**What you are asked to do:**
Your copy of the entries below should hold exactly the lines from the one containing "Ce meuble de" to the one containing "In der ersten", inclusive, and no pictures.

**Provided information:**
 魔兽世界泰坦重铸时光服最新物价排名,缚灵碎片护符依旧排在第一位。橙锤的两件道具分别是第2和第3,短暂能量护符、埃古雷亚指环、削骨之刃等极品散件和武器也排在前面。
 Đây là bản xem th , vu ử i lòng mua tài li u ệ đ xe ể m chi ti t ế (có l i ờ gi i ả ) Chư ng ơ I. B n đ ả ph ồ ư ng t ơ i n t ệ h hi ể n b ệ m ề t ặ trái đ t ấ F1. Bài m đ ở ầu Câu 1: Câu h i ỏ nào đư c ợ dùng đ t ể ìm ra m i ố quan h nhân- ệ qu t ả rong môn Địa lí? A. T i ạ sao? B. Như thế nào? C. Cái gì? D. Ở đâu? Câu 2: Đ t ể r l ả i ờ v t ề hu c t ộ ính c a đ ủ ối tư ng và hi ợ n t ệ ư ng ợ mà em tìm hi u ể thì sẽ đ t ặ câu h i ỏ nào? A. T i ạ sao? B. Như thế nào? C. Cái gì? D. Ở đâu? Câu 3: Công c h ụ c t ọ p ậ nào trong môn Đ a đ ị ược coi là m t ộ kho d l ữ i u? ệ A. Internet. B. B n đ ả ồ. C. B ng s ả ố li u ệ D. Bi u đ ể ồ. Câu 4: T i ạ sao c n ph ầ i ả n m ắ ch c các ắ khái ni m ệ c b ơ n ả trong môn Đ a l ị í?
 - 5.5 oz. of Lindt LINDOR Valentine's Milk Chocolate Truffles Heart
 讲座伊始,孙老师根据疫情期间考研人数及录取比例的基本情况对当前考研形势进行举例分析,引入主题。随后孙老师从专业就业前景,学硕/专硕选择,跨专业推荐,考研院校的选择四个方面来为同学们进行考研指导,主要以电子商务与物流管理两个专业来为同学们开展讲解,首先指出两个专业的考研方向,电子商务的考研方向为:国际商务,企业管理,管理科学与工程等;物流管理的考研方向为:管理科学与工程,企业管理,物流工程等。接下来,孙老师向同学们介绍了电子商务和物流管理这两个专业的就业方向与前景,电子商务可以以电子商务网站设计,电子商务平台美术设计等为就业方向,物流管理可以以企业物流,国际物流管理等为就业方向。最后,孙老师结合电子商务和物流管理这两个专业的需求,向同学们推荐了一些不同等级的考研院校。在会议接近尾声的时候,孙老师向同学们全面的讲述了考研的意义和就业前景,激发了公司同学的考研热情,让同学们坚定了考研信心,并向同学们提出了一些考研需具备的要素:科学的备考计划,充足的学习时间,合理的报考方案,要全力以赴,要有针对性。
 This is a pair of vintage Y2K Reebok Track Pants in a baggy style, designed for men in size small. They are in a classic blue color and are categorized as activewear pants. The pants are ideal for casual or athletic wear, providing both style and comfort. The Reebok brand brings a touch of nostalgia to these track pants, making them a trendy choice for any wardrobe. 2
...
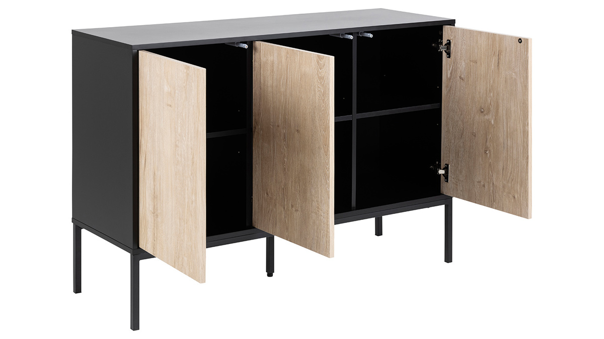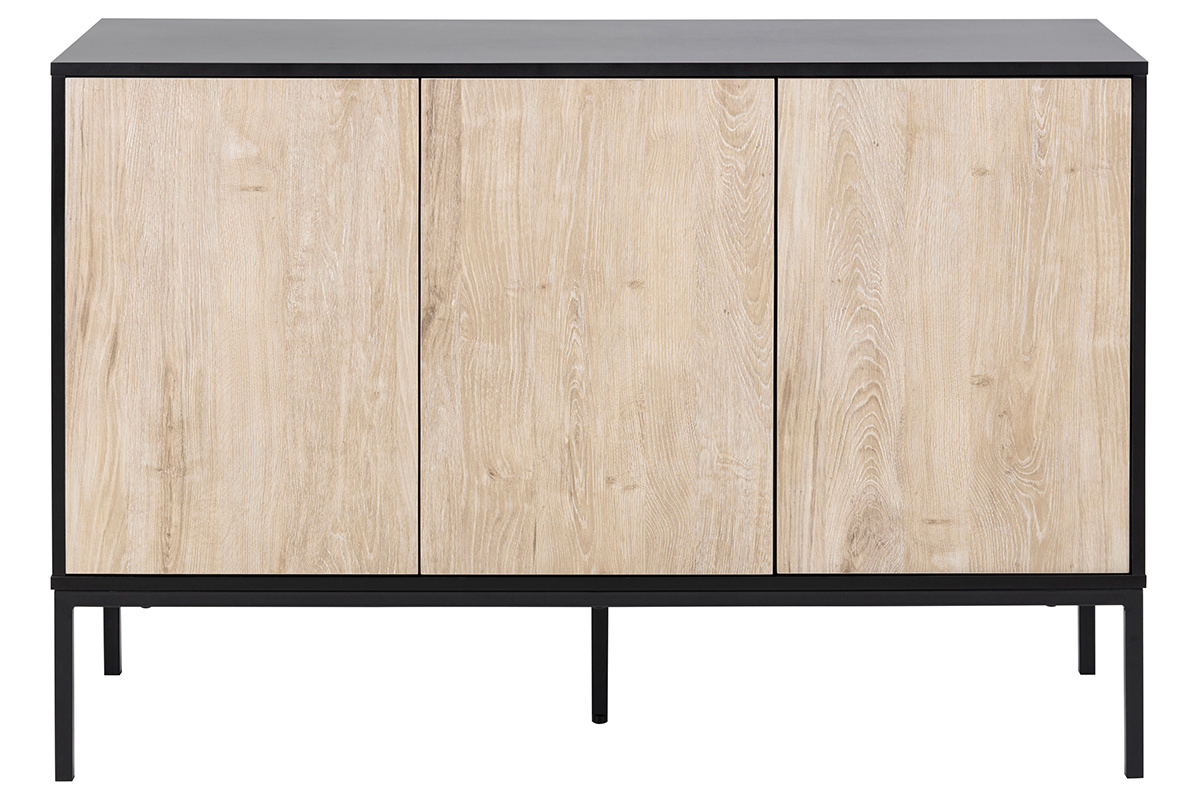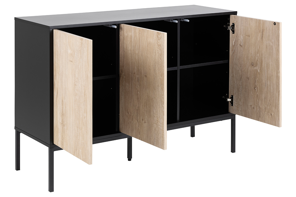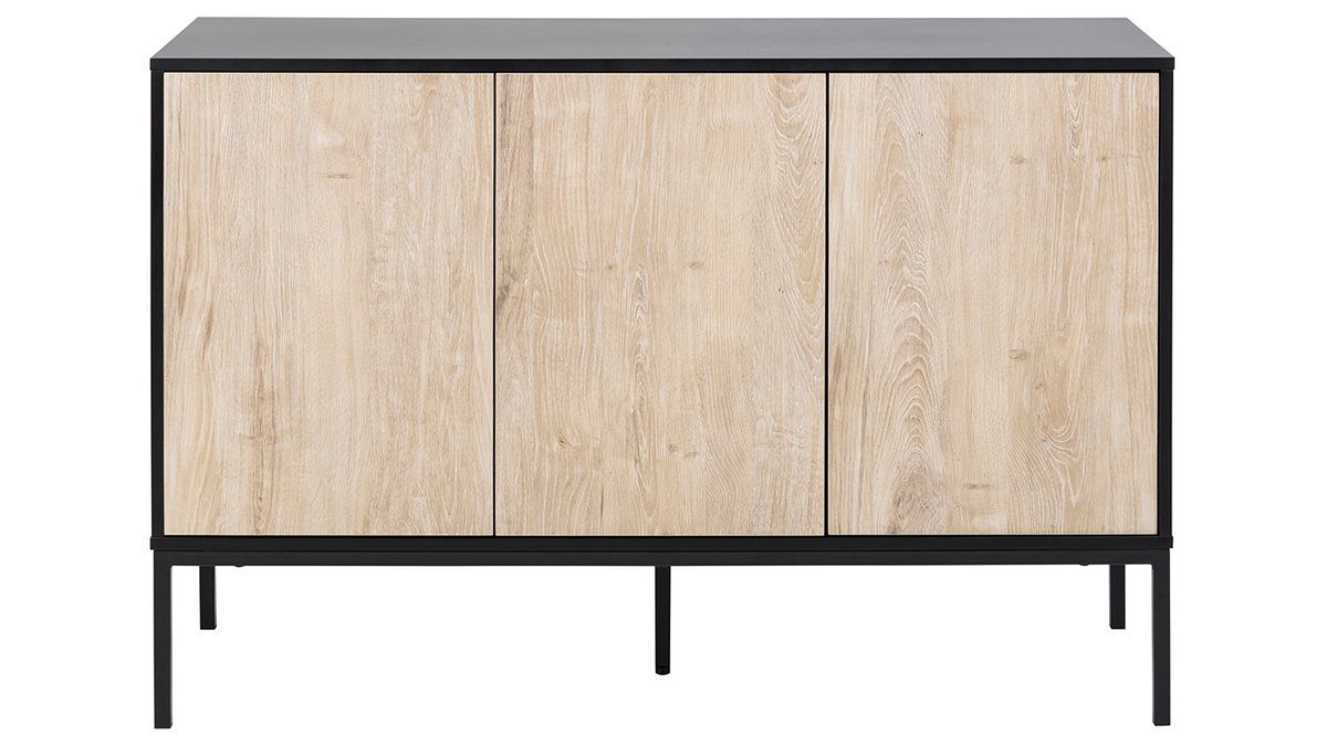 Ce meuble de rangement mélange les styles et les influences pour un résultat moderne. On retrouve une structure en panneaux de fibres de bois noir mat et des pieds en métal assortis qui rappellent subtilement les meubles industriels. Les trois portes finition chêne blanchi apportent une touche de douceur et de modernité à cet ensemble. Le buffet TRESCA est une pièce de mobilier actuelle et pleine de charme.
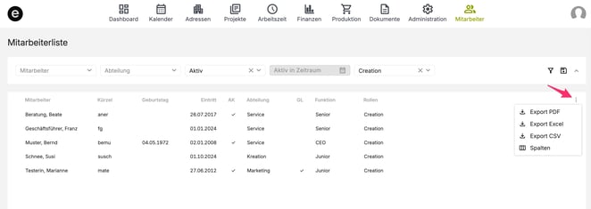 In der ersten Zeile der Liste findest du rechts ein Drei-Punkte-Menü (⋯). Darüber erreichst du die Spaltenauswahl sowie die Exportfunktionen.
* * *
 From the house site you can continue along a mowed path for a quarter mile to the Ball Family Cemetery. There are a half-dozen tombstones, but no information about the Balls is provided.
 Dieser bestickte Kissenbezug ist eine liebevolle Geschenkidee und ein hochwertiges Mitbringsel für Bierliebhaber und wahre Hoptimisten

**Written reply:**
 Ce meuble de rangement mélange les styles et les influences pour un résultat moderne. On retrouve une structure en panneaux de fibres de bois noir mat et des pieds en métal assortis qui rappellent subtilement les meubles industriels. Les trois portes finition chêne blanchi apportent une touche de douceur et de modernité à cet ensemble. Le buffet TRESCA est une pièce de mobilier actuelle et pleine de charme.
 In der ersten Zeile der Liste findest du rechts ein Drei-Punkte-Menü (⋯). Darüber erreichst du die Spaltenauswahl sowie die Exportfunktionen.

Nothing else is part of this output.